Usually, Cuban representatives in these areas travel all over the world with a passport arranged by their employers and with the respective visas.
Relations between the two countries became strained during the first term of President Donald Trump, who radically tightened sanctions against the island, pressuring a change in the political model, after the historic rapprochement of the Barak Obama administration.
During Joe Biden’s time in the White House there were no major changes, but days before the end of his term he removed the island from a list of countries that sponsor terrorism, which had caused many difficulties in the Caribbean nation’s foreign trade. In his new term, Trump reinstated it.
A request for comment to the US embassy in Cuba about the refusal to issue visas and the return of passports was not immediately answered.

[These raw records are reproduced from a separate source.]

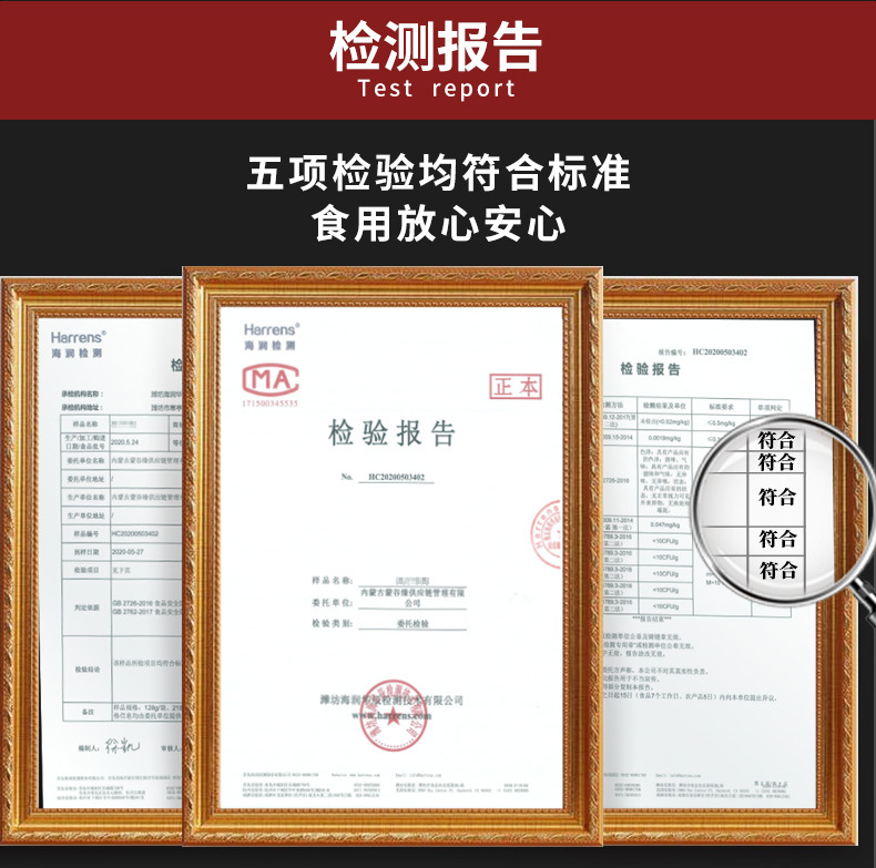 本店产品均经过食品检测报告检测,五项标准要求均符合国家食品标准,请放心购买食用。
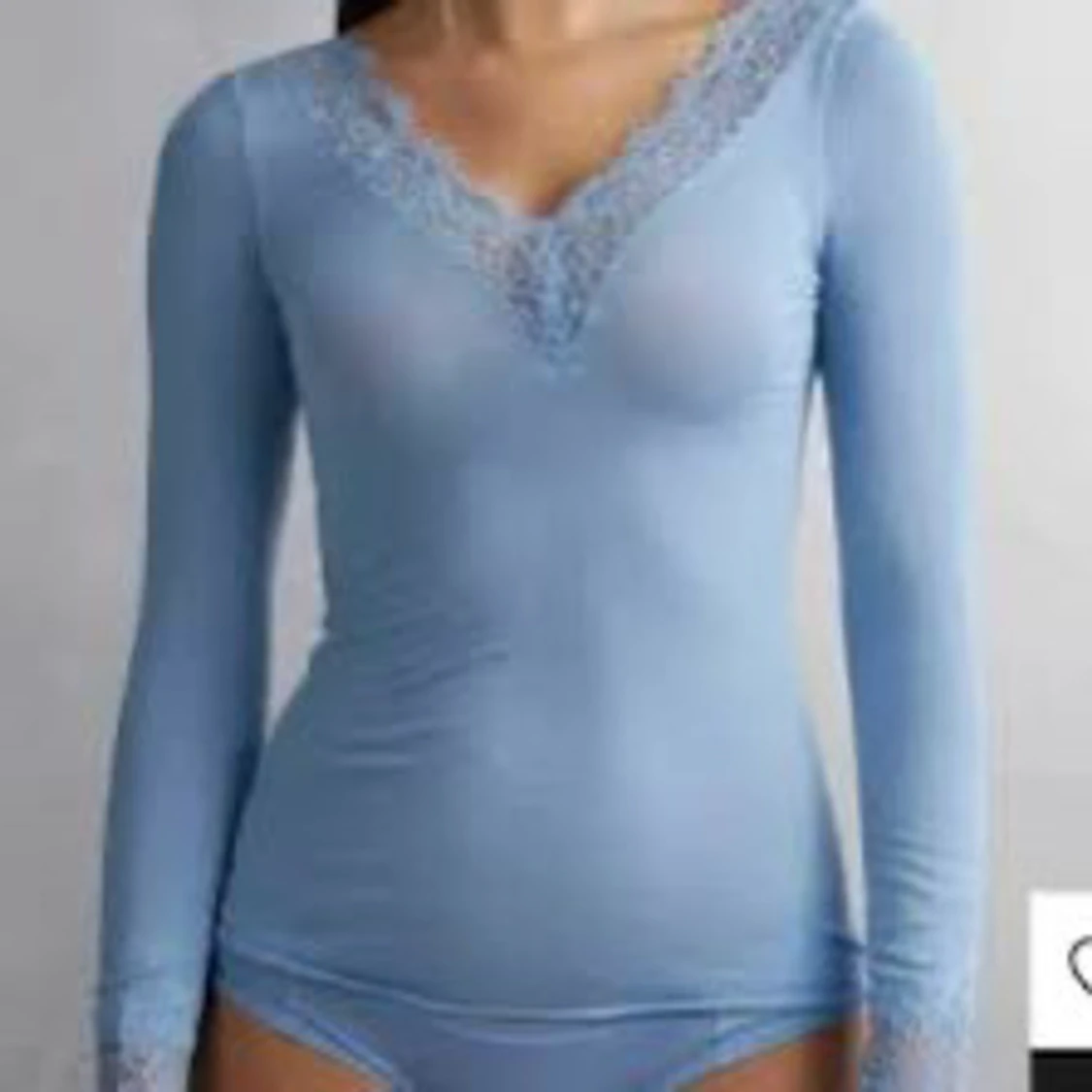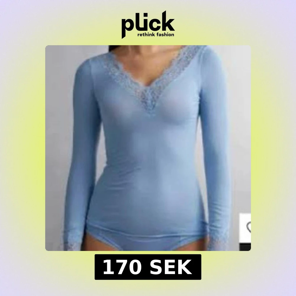 Supersöt ljusblå långärmad topp med v-ringning och fina spetsdetaljer vid halsringningen och ärmsluten. Sitter tight och är perfekt att styla med jeans eller kjol för en fräsch look. Strl: S köpte ny för 489kr så säljer inte för under 200kr!!🥰🙏🏼💗
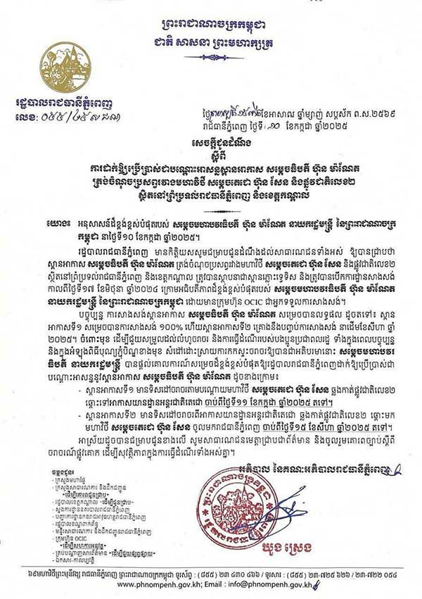 យោងតាមសេចក្តីជូនដំណឹងរបស់សាលារាជធានីភ្នំពេញបានឲ្យដឹងថា ស្ពានអាកាសសម្តេចធិបតី ហ៊ុន ម៉ាណែត នឹងដាក់ឱ្យប្រើប្រាស់ជាបណ្តោះអាសន្ន ត្រង់ចំណុចប្រសព្វរវាងមហាវិថី សម្តេចតេជោ ហ៊ុន សែន និងផ្លូវជាតិលេខ២ ស្ថិតនៅព្រំប្រទល់រាជធានីខេត្ត និងខេត្តកណ្តាល សម្រាប់លំហូរចរាចរទៅកាន់អាកាសយានដ្ឋានអន្តរជាតិតេជោ ចាប់ពីថ្ងៃទី១១ ខែកក្កដា ឆ្នាំ២០២៥ នេះតទៅ។
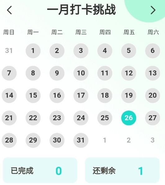 然后你可以在打卡挑战中,查看自己的挑战日历。
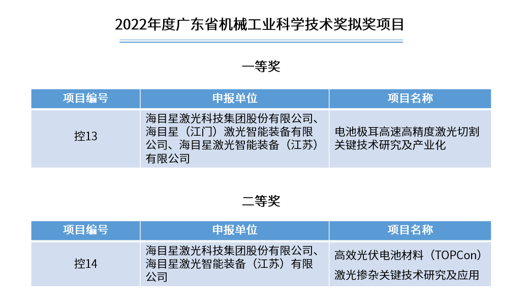 近日,廣東省機械工程學(xué)會通過官方渠道公示2022年度廣東省機械工業(yè)科學(xué)技術(shù)獎獲獎項目,海目星申報的《電池極耳高速高精度切割關(guān)鍵技術(shù)研究及產(chǎn)業(yè)化》《高效光伏電池材料(TOPCon)激光摻雜關(guān)鍵技術(shù)研究及應(yīng)用》項目分獲科學(xué)技術(shù)獎一、二等獎。
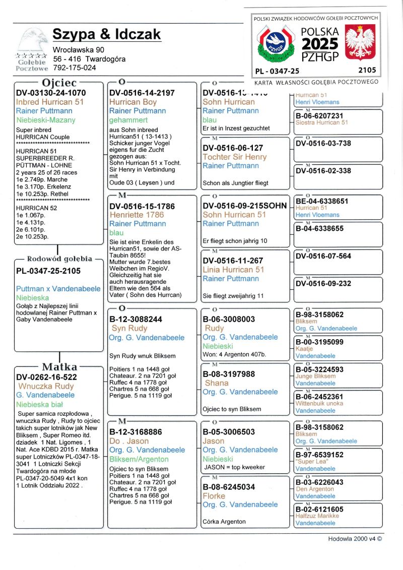 Profesjonalna hodowla z wieloletnim doświadczeniem, posiadająca w swoim stadzie materiał najwyższej światowej klasy. Więcej informacji w załączonych materiałach oraz pod nr tel. 792-175-024 Oferowany gołąb to prawdopodobnie SAMICA. Płeć pisana orientacyjnie

Among those affected would be the basketball team due to take part in a qualifying game on Sunday in Puerto Rico, acknowledged Fernández de Cossío and the local basketball federation.
The refusal would be in accordance with a 2020 US regulation refusing to grant visas to countries that do not cooperate with the return of immigrants, a Cuban diplomatic source told AP, preferring not to be identified as they were not authorized to offer details in this regard.
Official media outlets showed images of migrants returned on flights from 2023 onwards after the two governments resumed an agreement for deportations by this route.
In August 2024, it was even reported that more than 1,000 citizens had been handed over to Cuba by US officials. Most of them had left the island legally and tried to enter the neighboring country via the southern border.
There are also regular returns by sea of people intercepted on the high seas.
Vice-minister Fernández de Cossío said he had no comment when asked if deportation flights had already been received in January or February during Trump’s administration.